Above is a recent mural by Damian Walker in the New Lodge, in support of republican prisoners in Maghaberry, showing a single shirtless prisoner with a flower (? – see the close-up below) surrounded by three baton-wielding officers. Sponsored the 32-County Sovereignty Movement (web).
The fairy-tale covering painted over an LVF “North Belfast Rat Pack” mural is fading away to reveal the previous work. For the original LVF mural, see D01199.
The graffiti on the wall (see the third image, below, of the whole wall) – Welcome to LVF Land – has itself been scored out. There is also anti-LVF graffiti in the street.
“End British Internment – End Maghaberry Torture – Strip searches, isolation, controlled movement”. The board above at the top of Havana Street, Ardoyne, shows a a prison guard in Union colours beating a prisoner in the Tricolour’s green, white, and orange. On the left is the barbed wire symbol of the Irish Republican Prisoners Welfare Association (IRPWA) and on the right the emblems of the PSNI, the RUC, and MI5 are crossed out under a swastika. A wide shot, showing the CLG/GAA mural in the background, is below.
Six of the seven New Lodge tower blocks each feature two hunger strikers, on the narrow sides of the building. Those featured are the ten who died in 1981 along with Frank Stagg and Michael Gaughan. Here are images of five of them. Above is Raymond McCreesh, below is Kieran Doherty with a tricolour and ‘Justice for the Craigavon 2’, third is Martin Hurson and a Palestinian flag, fourth is Francis Hughes, and fifth is Frank Stagg.
An annotated Google map and a table give the Irish, English and former names of the flats (“houses”) as well as their locations and the hunger strikers on each.
Religion and politics mix in this image of the Blessed Virgin Mary gazing at a recent mural at the bottom of Teach Na bhFıann/Fianna House (formerly Dill House) in the New Lodge. “Cumann Na mBan” in Irish is “the women’s organization/council/society” in English. The organization in question is the republican paramilitary group which was founded on April 2, 1914 and celebrates its 100th anniversary this year.
A Che Guevara quote – “I don’t care if I fall as long as someone else picks up my gun and keeps on shooting” – unifies two panels bearing masked men firing funeral volleys, Irish and Palestinian shields, and “Our day will come” in both Irish and Arabic.
Ligoniel (above) and New Lodge (below) copies of a JFTC2 (Justice for the Craigavon Two) stencil by Damian Walker of GaelForce. The Ligoniel location is proving controversial: Walker’s previous attempts have been painted over three times, according to an image in this 32 County Sovereignty post, which also alleges that Sınn Féın has been behind the removals.
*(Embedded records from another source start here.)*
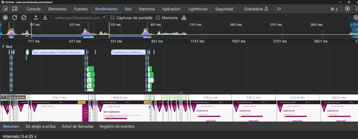 Esto nos permite realizar una emulación del Customer Journey y repetirla exactamente igual para hacer distintas pruebas de rendimiento, y comprobar si las implementaciones que hacemos de WPO como caché, precargas y cargas diferidas son realmente efectivas.
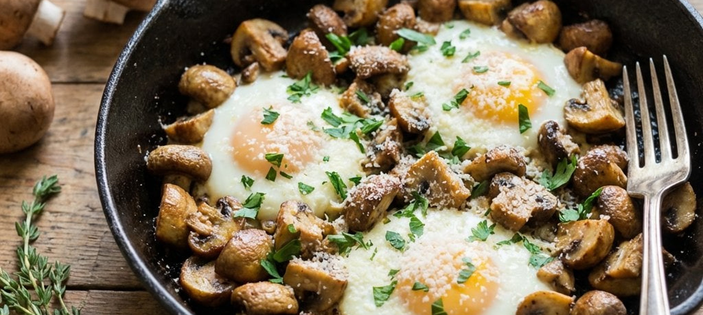 - 3Üssük a tojásokat a gombás keverékre, and szórjuk meg az egészet parmezánnal. Helyezzük a serpenyőt az előmelegített sütőbe, and süssük 4–5 percig 185–190 °C-on. Azonnal tálaljuk.
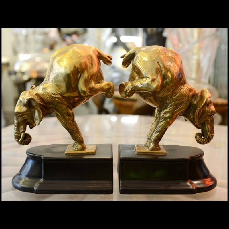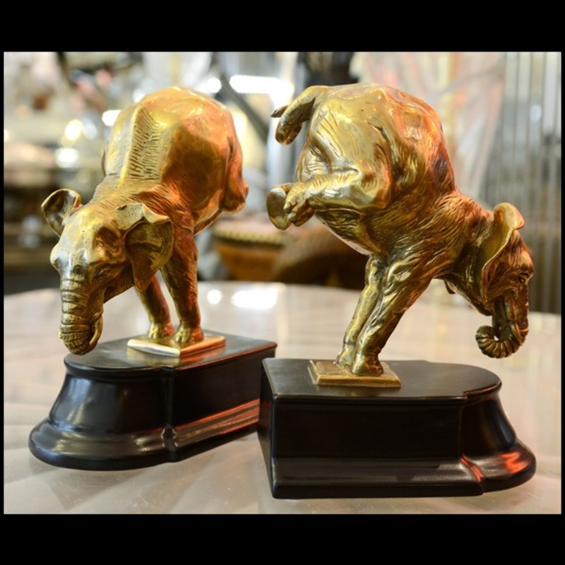 Set de 2 serres-livres en bronze sculptés à la main sur base PC-Acrobat Elephants

According to the Tele, a housing executive van was burnt out in response to one of the white-washings. There has been no such controversy in the New Lodge.
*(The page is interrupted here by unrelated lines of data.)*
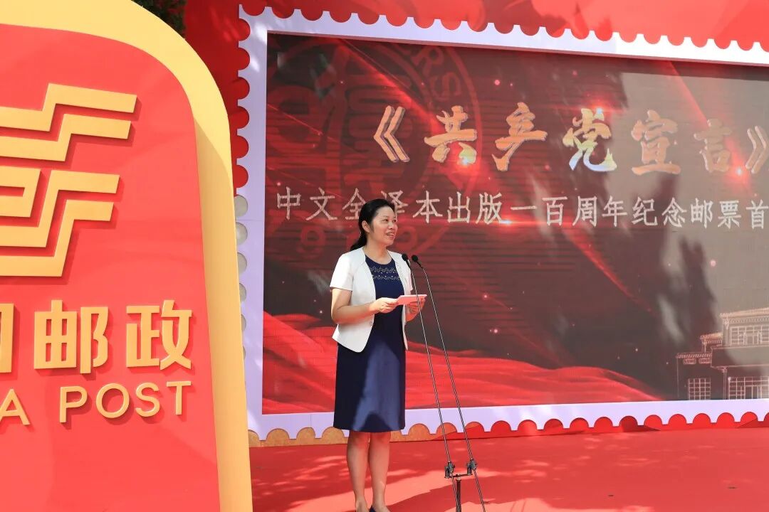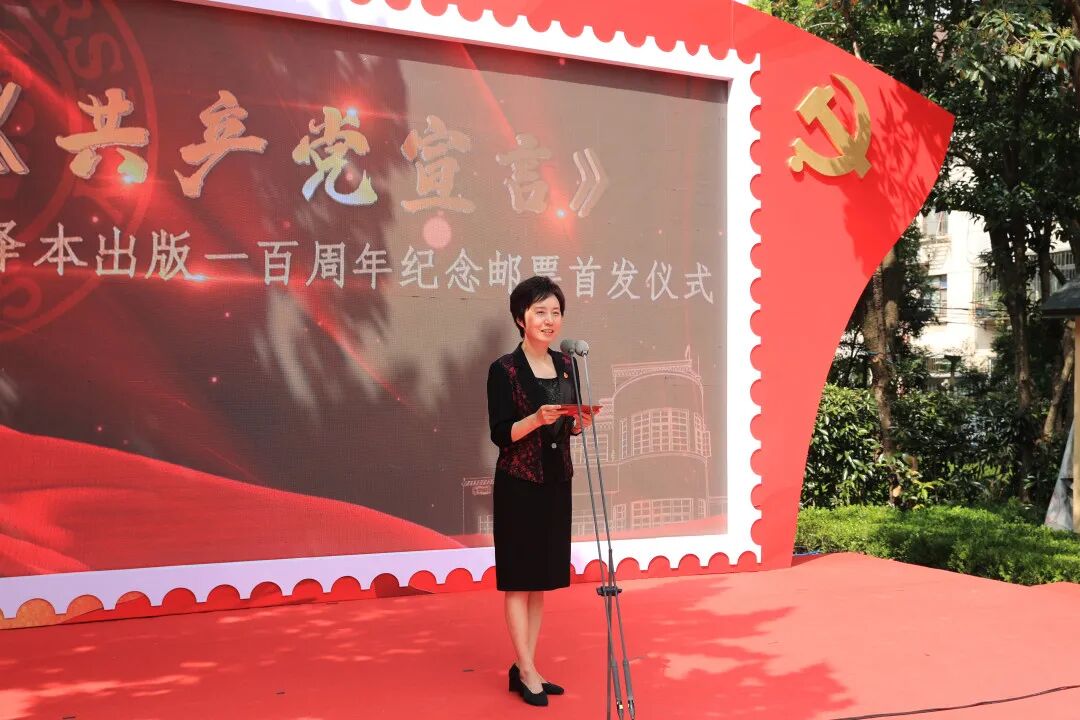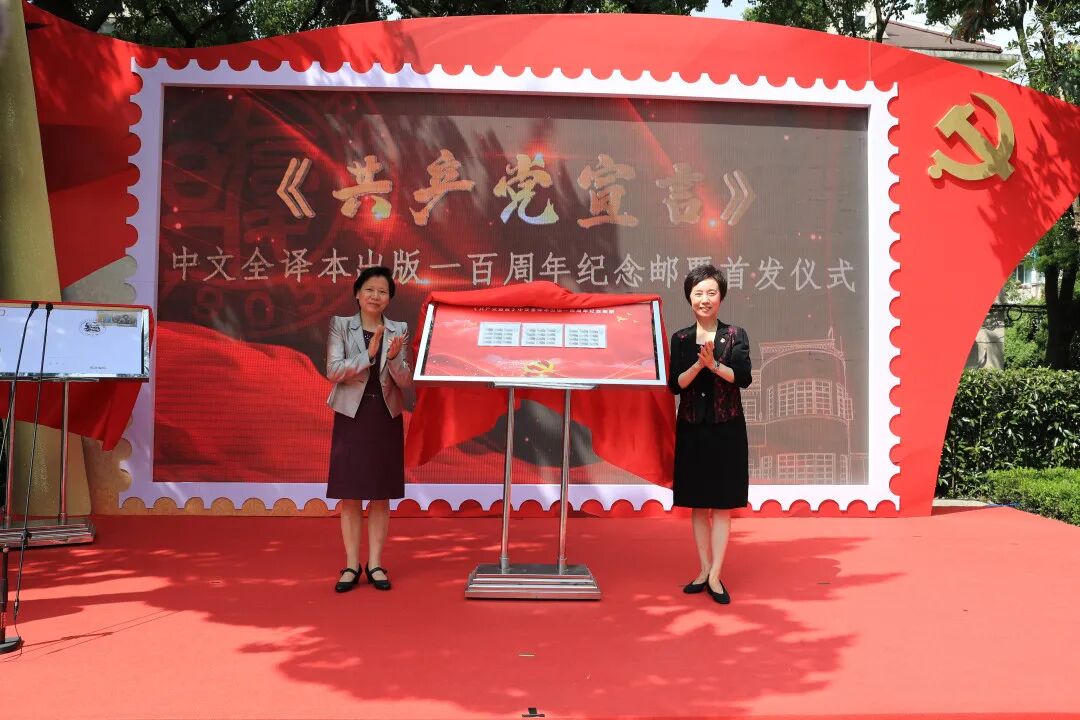 上海市人民政府副秘书长虞丽娟,复旦大学党委书记焦扬,上海市委宣传部原副部长、解放日报报业集团原党委书记、社长、1964届新闻系校友贾树枚,上海市邮政管理局党组书记、局长冯力虎,中国邮政集团有限公司上海市分公司党委书记、总经理王俭等出席首发仪式。虞丽娟与焦扬共同为《共产党宣言》中译本出版一百周年纪念邮票揭幕。
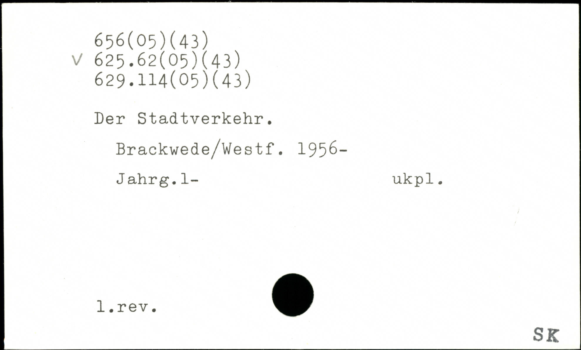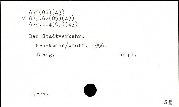 Der Stadtverkehr. Brackwede/Westf. 195 6— Jahrg.l- ukpl.
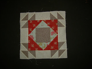 The postal person last week brought the second installment in the Fat Quarter Shop "Vintage Memories" BOM. This is a six-month project and so far, both months we've made two identical blocks. Here is one of the ones from this month. I like it.
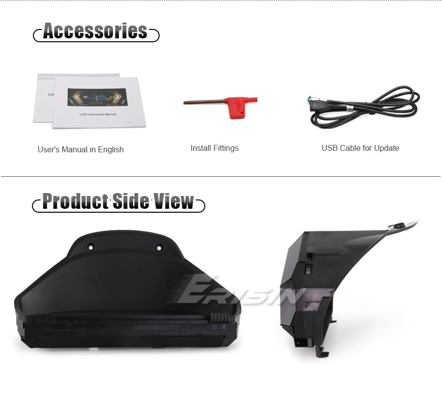 - ⭐️ 【Easy Installation】This digital instrument cluster is easy to install, no damage to the vehicle. No cutting or programming, can be plug and play. There is also a USB port for future software upgrades. NOTE: If you want to keep the original HUD functionality, please purchase a HUD decoder box from us.
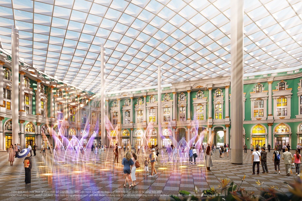 Tâm điểm của tổ hợp là không gian công cộng và tổ chức sự kiện, thuơng mại trong nhà dành cho cư dân khu đô thị và du khách hiện đại bậc nhất Quảng NinhTổ hợp lấy cảm hứng thiết kế từ cung điện châu Âu sang trọng, với các chi tiết phủ vàng thủ công, mang lại cảm hứng sống hoàng gia sang trọng cho cư dân Móng Cái. Tâm điểm của tổ hợp là không gian công cộng và tổ chức sự kiện trong nhà với phần mái vòm kính lớn lên tới 4.600m2 trang trí ánh sáng LED hiện đại. Tại đây, du khách có thể vừa tự do dạo bộ thư giãn, vừa hòa mình vào những hoạt động đặc sắc được tổ chức quanh năm. Công trình điểm nhấn này là đại diện cho thương hiệu đô thị Việt thế hệ mới tinh hoa, văn minh và giàu bản sắc.
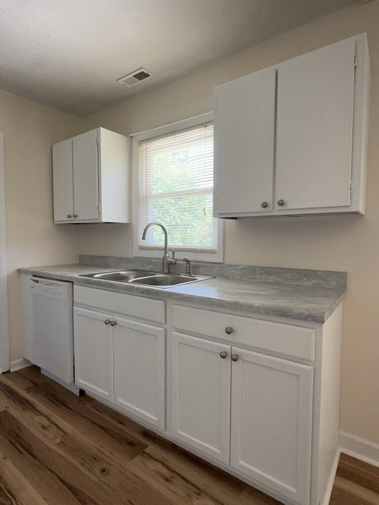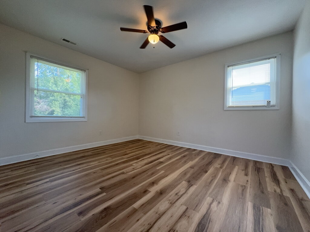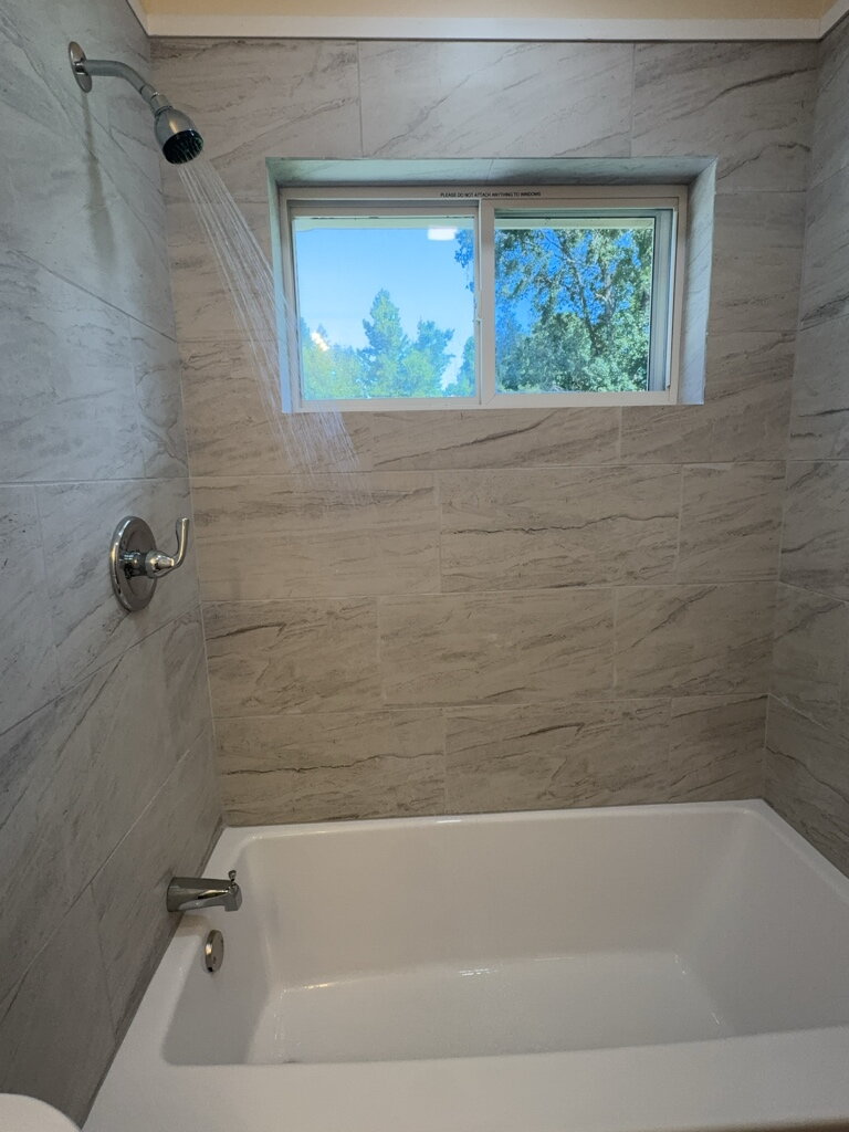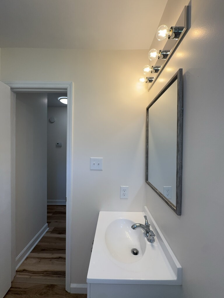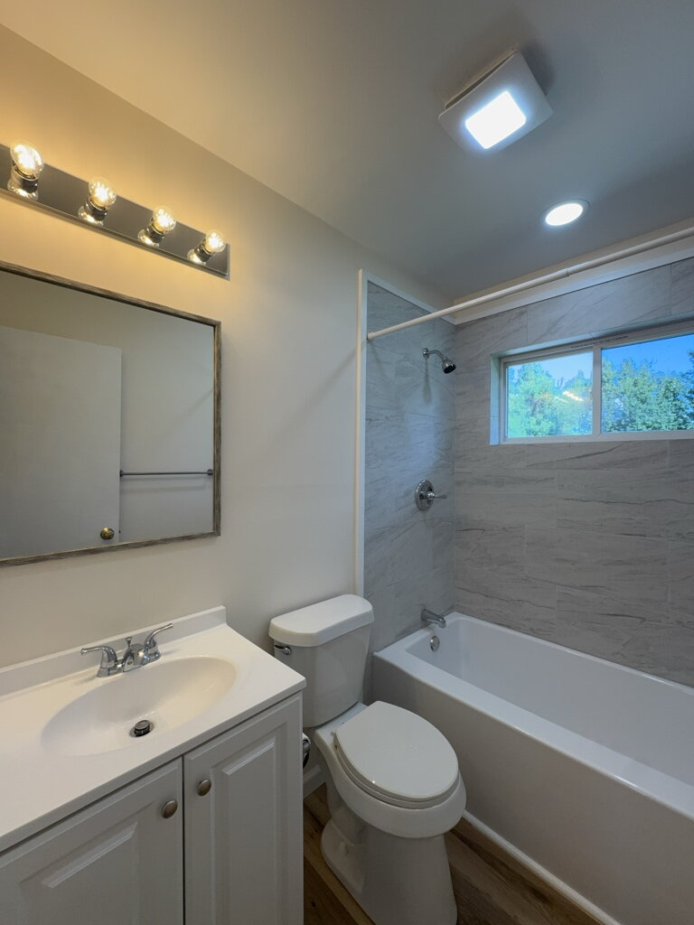 As you enter inside the home, you'll find new flooring throughout and a bright, open layout. The fully updated main bathroom features modern fixtures, clean grey-and-white tones, and a shower window that adds natural light and charm. The front of the home showcases full-length windows that let in the perfect amount of daylight, creating a warm, inviting space.

Previously: JFTC2 on the mountain | Justice in Hugo Street
The previous board in this location said “‘yes’ to a better future” beneath a tiger, a rainbow, and a DJ at his turntables (see an image at CCDL). That future, it seems, is to go back to a mural similar to the one prior to 2009 – You’re entering Loyalist Tiger’s Bay – though the explicit UDA/UFF insignia are gone, leaving only the clenched fist.
Bobby Sands’s poem The Rhythm Of Time, published in 1981 as part of Prison Poems, is printed in full along with images of Long Kesh and other prisons in which republican prisoners were held.
The work was launched 2014-08-10, to coincide with the anniversary of the introduction of interment in 1971 (see e.g. this BBC news report).